走りの歓びをESGだけで終わらせない

ヤマハ発動機が、2025年の ジャパンモビリティショー2025(10月31日〜11月9日)において、ワールドプレミアとして出展する研究開発中のプロトタイプのひとつが「PROTO BEV」だ。

 このモデルは、単なる「環境対応型モーターサイクル」ではなく、「大容量バッテリーEVだからこそ味わえる走る歓びを追求したスポーツEVモデルとして位置づけられている。 ヤマハが長年培ってきた、内燃機関モデルでの“ハンドリング安定性”や“操る歓び”を、電動化という新たな駆動方式に置き換え、しかもトラック走行などを視野に入れた走りの質を探るという点が興味深い。

軽量・コンパクト設計と電動特有の駆動フィール

PROTO BEVの開発において、ヤマハが重視したのは「大容量バッテリーを搭載しても重くならず、コンパクトにまとめること」だった。 これは高出力電動モデルにおいてしばしば課題になる“車体重量の肥大化”を、スポーツ走行モデルとしてクリアしようという意欲を示している。さらに、バッテリーEVならではの「リニアなスロットルレスポンス」と「滑らかで力強い加速性能」を、ヤマハがこれまで培ってきた“操る楽しさ”と融合させており、「操縦安定性」「人機一体感」をEVでも実現しようという挑戦が見える。

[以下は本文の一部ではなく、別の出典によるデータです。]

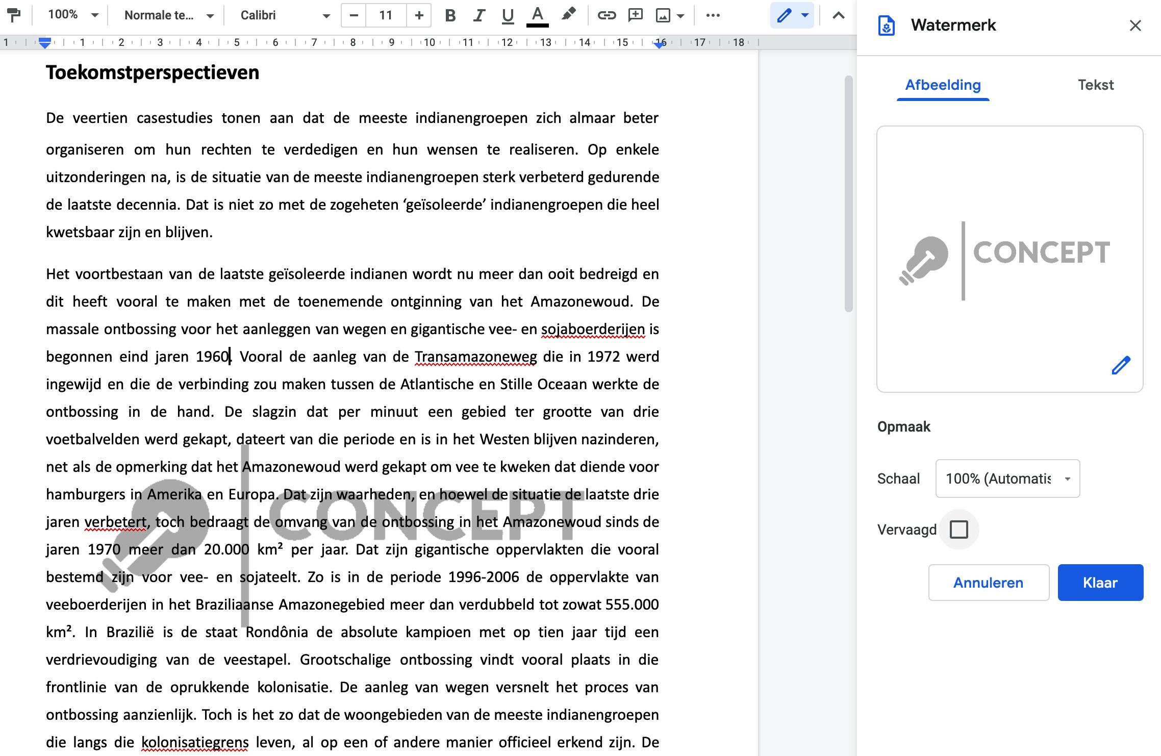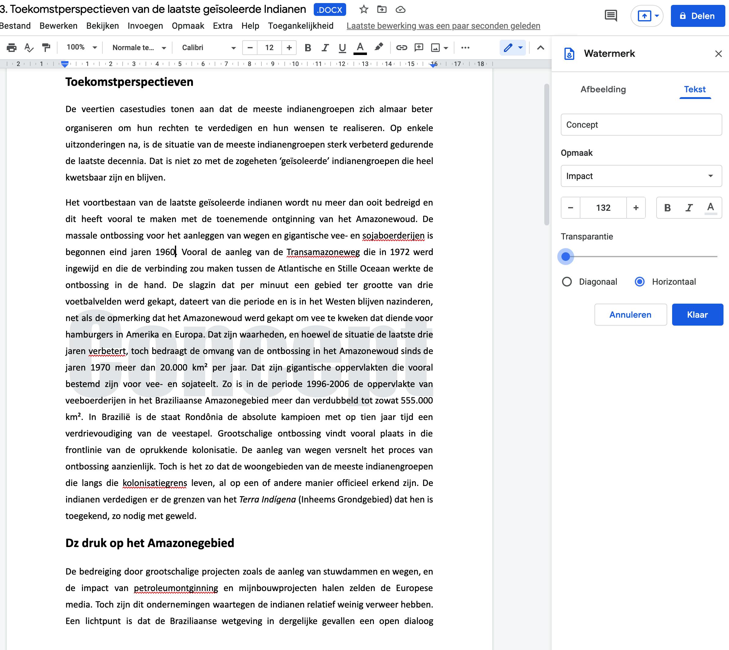 Dit watermerk zal op iedere pagina van het document verschijnen, dus niet alleen op het eerste blad. Je kunt het watermerk zowel Horizontaal als Diagonaal plaatsen. Als je de regelaar Transparantie op nul zet, komt de tekst van het watermerk altijd in zachtgrijs onder de inhoud. Hoe meer je de transparantie verhoogt, hoe minder zichtbaar het watermerk wordt.

操縦系・体感系でも特徴がある。ライダーが“走行そのもの”に集中できるよう、操作インターフェイスを研ぎ澄ませており、指先操作に集約されたシンプルなコントロール系、車両の状態を“視覚”“聴覚”に伝えるメータービジュアライザー&サウンドデバイスを採用している。 このようなアプローチは、ただ「電動モーターサイクルに移行する」という流れにおいても、「走る歓びを損なわないEVとは何か?」という問いかけの答えを示そうとしている。

プラットフォームとしての意味と今後の展望

PROTO BEVはあくまで「実走プロトモデル」として位置づけられており、市販時期や仕様の詳細は明らかにされていない。 しかし、その存在そのものが、ヤマハの“モビリティとしての電動化”に対する姿勢を示している。ヤマハはこの他にハイブリッド(PROTO HEV)、プラグインハイブリッド(PROTO PHEV)、水素エンジン(H2 Buddy Porter Concept)といった複数の次世代モビリティの研究開発モデルを並行して出展しており、PROTO BEVはその中で「電動スポーツモデルとしての象徴」となる存在だ。

電動化が進むモーターサイクル市場において、各社が「環境性能」を前面に打ち出す中で、ヤマハは「FUN to Ride(乗ることの歓び)」をキーワードに据え、機械としての“走る・操る”という本質をEV時代にどう引き継ぐかを探っている。PROTO BEVはその回答のひとつとなる可能性を秘めており、実走できるプロトタイプとして、開発の手応えとともに未来の市販化モデルへの布石とも言える。

注目すべき技術とユーザー体験の視点

まず、軽量かつコンパクトにまとめられた車体設計は、ライダー視点での取り回しや腕の負担軽減にもつながる部分であり、街中からトラックまで幅広く“操る楽しさ”を味わえる設計思想が垣間見える。次に、電動モーター特有の即時トルク特性やフィーリングの良さを、ヤマハらしい“操る歓び”として丁寧に昇華しており、例えばコーナーへの進入加速・立ち上がりの加速反応などにおいて、EVのメリットを遊びの領域で活かそうという意図が明確だ。

さらに、HMI(ヒューマン・マシン・インターフェイス)面では、ライダーが余計な情報過多にさらされず「走りに集中できる環境」を整えており、メーター内のビジュアル/サウンド演出によって機械との一体感、没入感を高めようとしている。こうした点は、EVにありがちな「無音・無味乾燥」になりがちな課題を、ライダーエモーションの観点から克服しようという挑戦でもある。

将来、市販化に至るかどうかは未定だが、PROTO BEVで培われる軽量化技術、バッテリー・駆動制御・インターフェイス設計といった要素は、ヤマハのEVモデル群に波及しうる。加えて、トラック走行を想定したスポーツEVモデルという位置づけから、スポーツバイク文化とも親和性が高いユーザー層への訴求も想像され、将来的には“EVだからこそのスポーツバイク”というジャンルを切り開く可能性もある。つまり、単なるエコモデルではなく「EV技術によって新たな走りの価値を創出する」という意味で、モーターサイクル界における一つの転換点と捉えることも十分にできる。